Wasn't sure where to post this. I mean this in a lighthearted way (although have name changed as a bit embarassed about it) so please don't flame me (this is why I'm posting in S&B - hopefully you lot will be more able to see things my way).
Anyway, many moons ago I used to be a lovely slim size 8. I could wear what I wanted without really giving it a thought. Then I became pregnant with DC1. Suddenly my exercise routine went out of the window (I did tonnes pre-DCs). I put on 4 stone during that pregnancy
, going from 8 to 12 stone (well, inlcuding the 9lbs of baby and associated stuff). It didn't just "fall off". I had an EMCS. My tummy has never looked even vaguely the same. I got down to 9 stoneish, then got pregnant again. Even being far, far more careful I still put on almost 2 stone.
With a massive amount of exercise and dieting, I'm now back down to about 8 and a half stone, which I'm happy with (but I have to exercise every day to maintain this, and finding the time is hard).

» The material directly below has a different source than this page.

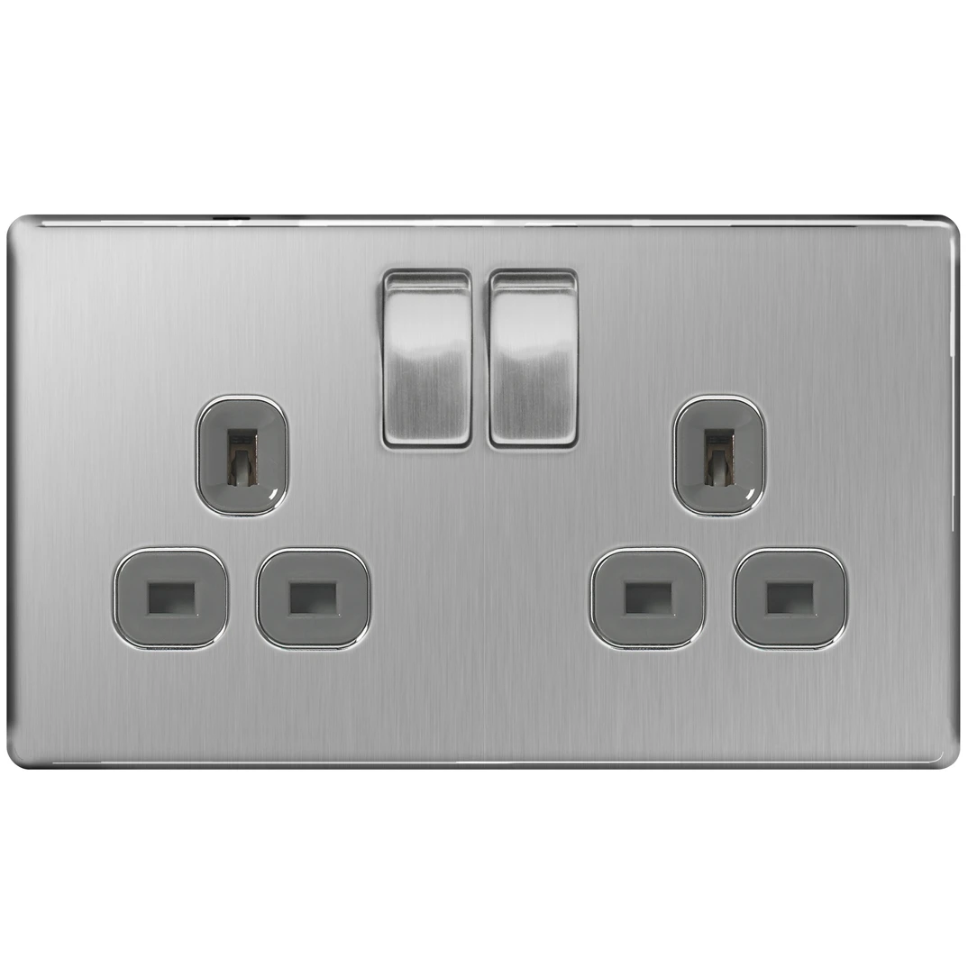 Socket Switched 2 Gang Double Pole 13A Stainless Steel Brushed Grey Insert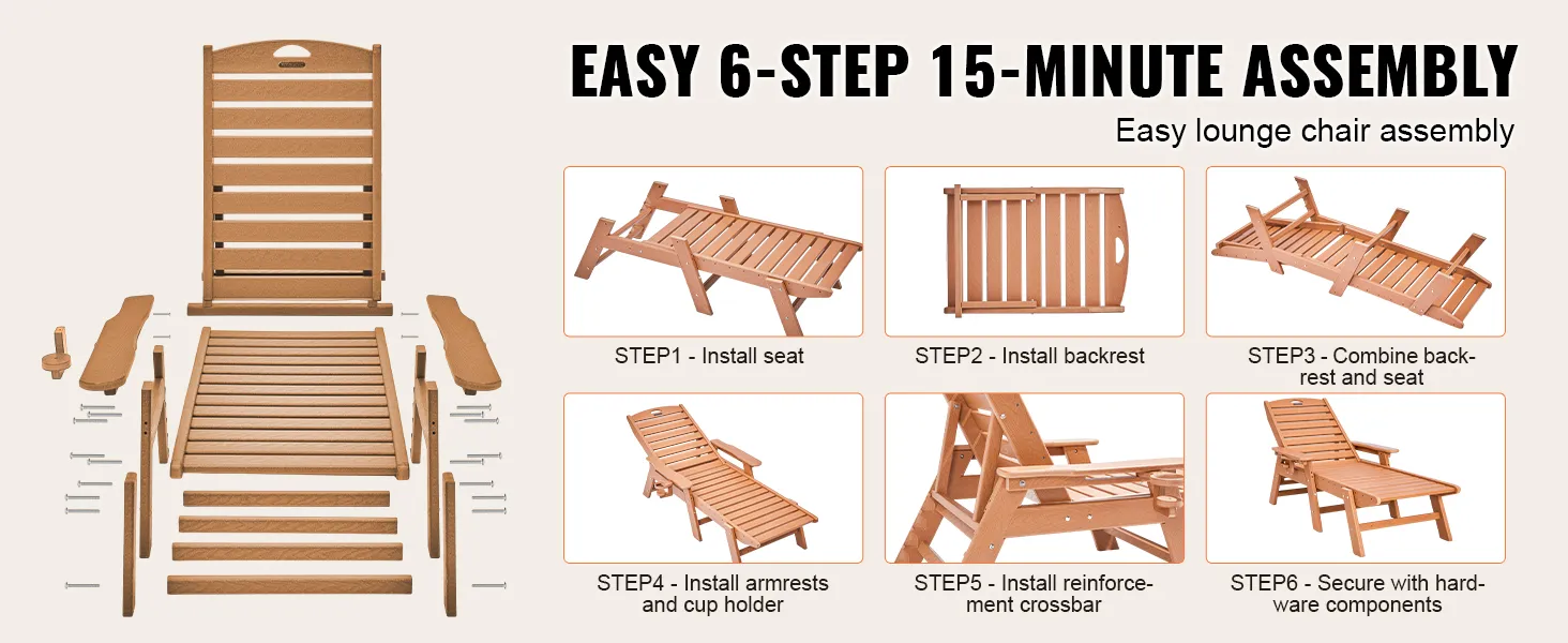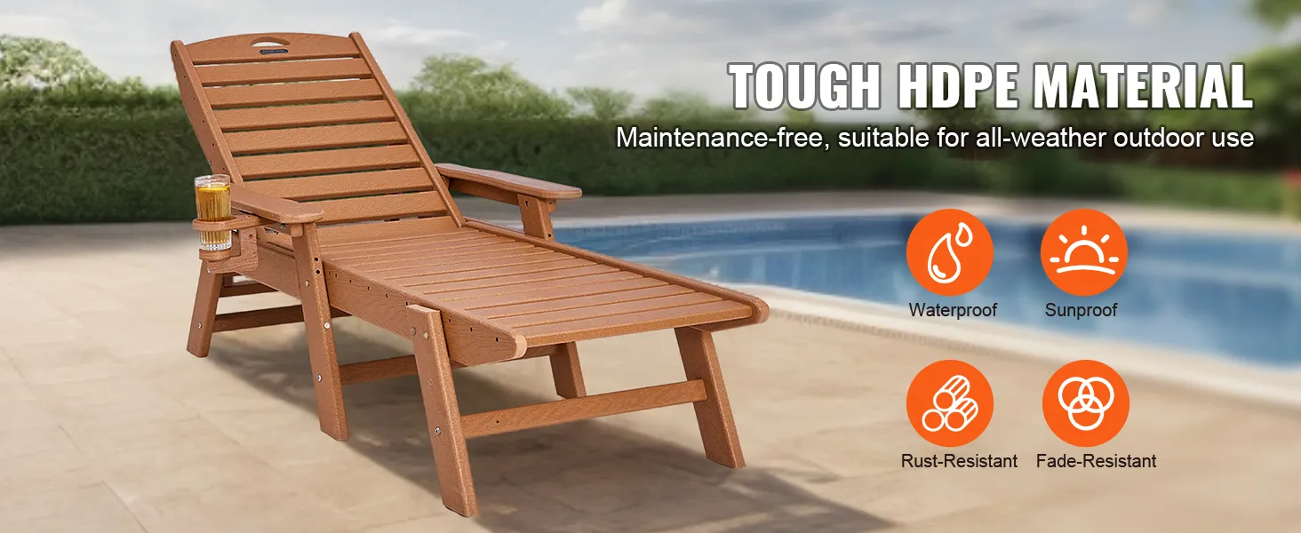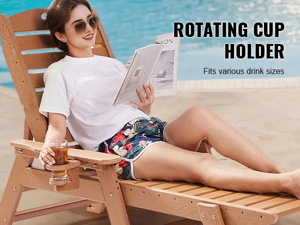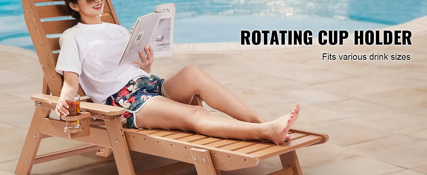 VEVOR Chaise Lounge Chair, draagvermogen 450 lbs, verstelbare patio-loungestoel voor buiten met 6-voudig verstelbare rugleuning, HDPE-loungestoel met bekerhouder voor aan het zwembad, op het terras, in de achtertuin en op het gazon, bruin

My tummy however is a bloody awful mess - seperated tummy muscles, 2 CSs now, it will never look good again, and is worse after DC2 than it was after DC1. Other parts of me are not where they should be
and almost 2 years of broken sleep are taking their toll. I look just about OK in clothes, but I have to be careful about what I wear.
DC2 is almost 2. We really would like a DC3 (really, I would!), and I'm 35 so we should probably do something about it soon. But I simply cannot bear the thought of piling all of the weight back on again (I'm only 5ft 2 and don't carry weight well), and having to work so hard to sort it out, and the propsect of what another pregnancy might do to my disaster zone of a tummy. I'm too much of a scaredy to consider a tummy tuck at the end of it all (which DH has suggested... I might even be eligible for one on the NHS if my muscles got worse, but I just don't think I could go through with it).
Has anyone else felt like this? Would someone like to give me a kick up the bottom and tell me to stop being so vain?